# Alligator size? how to judge them at night.



## GT Whitetail (Aug 24, 2015)

Hunting zone 8 and saw plenty of gators opening wknd but just couldn't connect. Hunting at nite but had a really difficult time trying to judge the size so basically set up on each one only to find out most were under 5'. Any pointers for judging the size of a gator while hitting it with a spotlight from a distance? Not asking for any honey holes but won't turn anything dwn if you wanna PM me. Thanks


----------



## mattech (Aug 24, 2015)

If you can make out the snout, the inches from the eyes is equal to feet. 10"=10'. also, if they face you, the bigger the gator the farther apart the eyes will be. When you have a big one facing you, there won't be any doubt its big. Don't let the brightness of the eyes fool you, a baby gator eyes will glow just as bright as a larger gator.


----------



## hortonhunter22 (Aug 24, 2015)

^ this if you can distinguish 2 separate eyes from a distance check it out if it looks like a bright spot prolly smaller...its a numbers game though in the dark...the smaller ones are just as good of practice to get ready for the real moment...so approach any you check as if its a 12 fter so ya don't have the whole sticker shock when ya actually see a biggun


----------



## XJfire75 (Aug 24, 2015)

I'm having the same issues. Saw several that looked like could've been anywhere between 8-12" from snout to eyes. Especially the ones that didn't let me get closer than 20 yards.


----------



## frydaddy40 (Aug 24, 2015)

*Very good.*



mattech said:


> If you can make out the snout, the inches from the eyes is equal to feet. 10"=10'. also, if they face you, the bigger the gator the farther apart the eyes will be. When you have a big one facing you, there won't be any doubt its big. Don't let the brightness of the eyes fool you, a baby gator eyes will glow just as bright as a larger gator.



   Very good advice,


----------



## GT Whitetail (Aug 24, 2015)

Yeah same here. Planning on heading down that way this weekend to give it another go. I think I let a couple shooters go last time. Looked like they had long snouts, but their heads looked kinda skinny. Might try some daylight hunting too. Probably my last ditch effort so my slot limit is probably gonna suffer a little. 

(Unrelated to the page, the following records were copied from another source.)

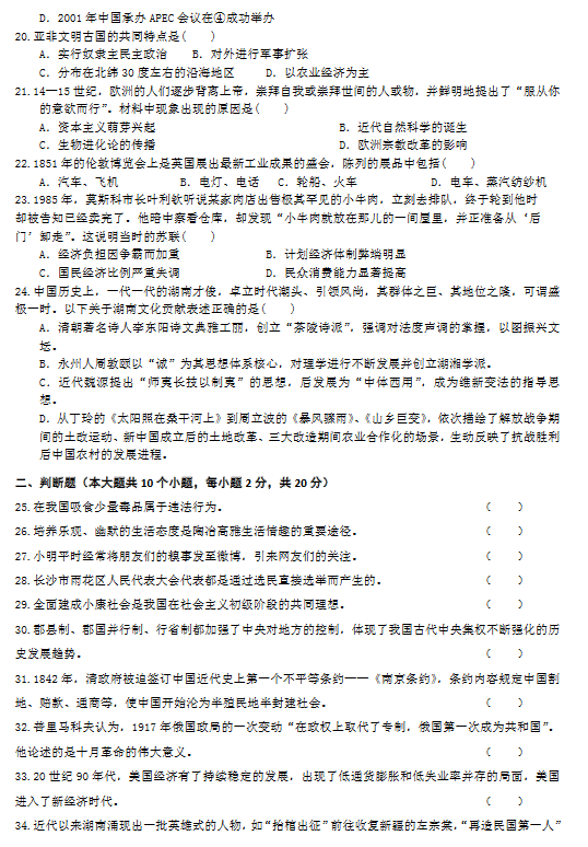 2017年长沙南雅中学中考二模文综试题(图片版)(3)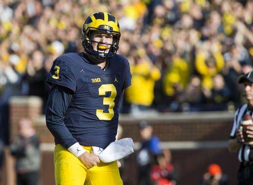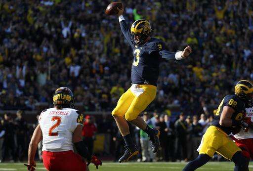 Michigan Wolverines quarterback Wilton Speight (3) scores on a 10-yard touchdown run against the Maryland Terrapins in the first half of an NCAA college football game in Ann Arbor, Mich., Saturday, Nov. 5, 2016. (AP Photo/Paul Sancya) The Associated Press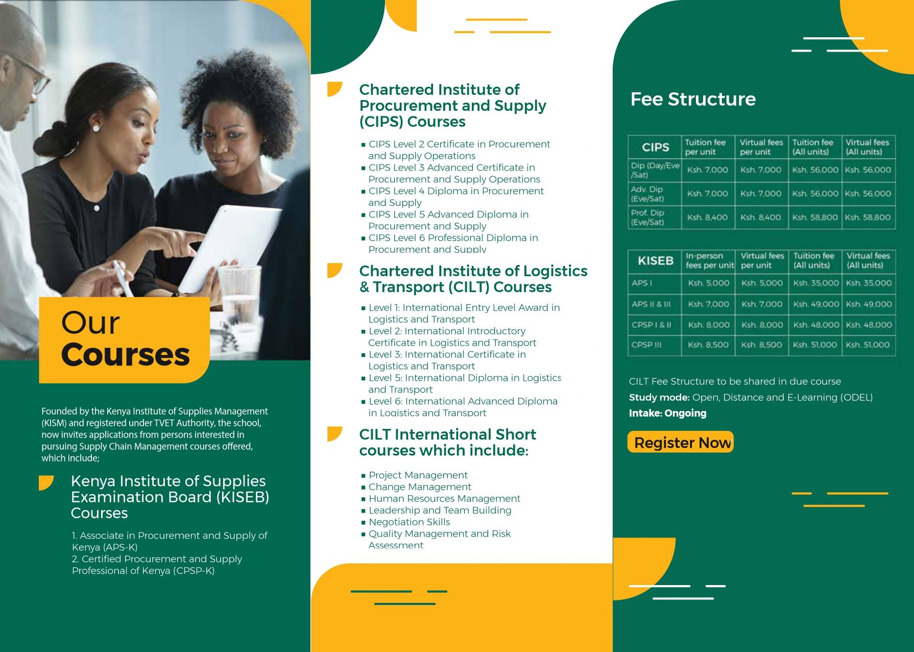 Kenya College of Supply Chain Management (KCSCM) specializes in offering high-quality education in supply chain management. We collaborate with esteemed institutions to provide industry-recognized qualifications and equip our students with essential skills.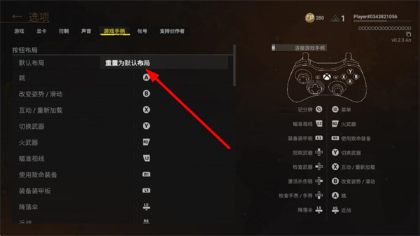 3、在游戏手柄页面中,找到重置为默认布局选项并点击,触发重置确认弹窗。

Thanks for all the responses.


----------



## yankeeredneck2015 (Aug 26, 2015)

GT Whitetail said:


> Yeah same here. Planning on heading down that way this weekend to give it another go. I think I let a couple shooters go last time. Looked like they had long snouts, but their heads looked kinda skinny. Might try some daylight hunting too. Probably my last ditch effort so my slot limit is probably gonna suffer a little.
> 
> Thanks for all the responses.




Or hire a guide


----------



## olcop (Aug 27, 2015)

All the above is excellent advice;
but the easiest way is to get him to be still while you measure him with a tape measure.
olcop


----------



## Luckybuck (Aug 27, 2015)

What Mattech said, I grew up in SE Louisiana and the rule that we followed when lighting up the eyeballs was the distance between the eyes.   Not exact but better guide than no guide.


----------



## Burton (Aug 27, 2015)

Sometimes you can be right on top of them and not know how big it is.  We passed on this one to come back the next weekend and take one that was 8 ft.  I'm not sure it was worth it.


----------



## GT Whitetail (Aug 28, 2015)

Awesome video.. had the exact same thing happen to me and it was about that same size too. Maybe one of the experts will chime in and guess how long that one in your video is. I'm heading dwn this afternoon, but with the weather forecast I might have to take first available legal sized one. Thanks for all the comments.


----------



## Burton (Aug 28, 2015)

Hope you get a good one.  We've got two tags in SC this year, so I've got to wait 2 more weeks.  Good luck.


----------



## buddy48 (Aug 28, 2015)

The one I got last weekend was 9'-6" long and it was 11" from the eyes to the tip of the nose. Hunted and harvested mine in the daylight. It was much easier than I expected it to be.


----------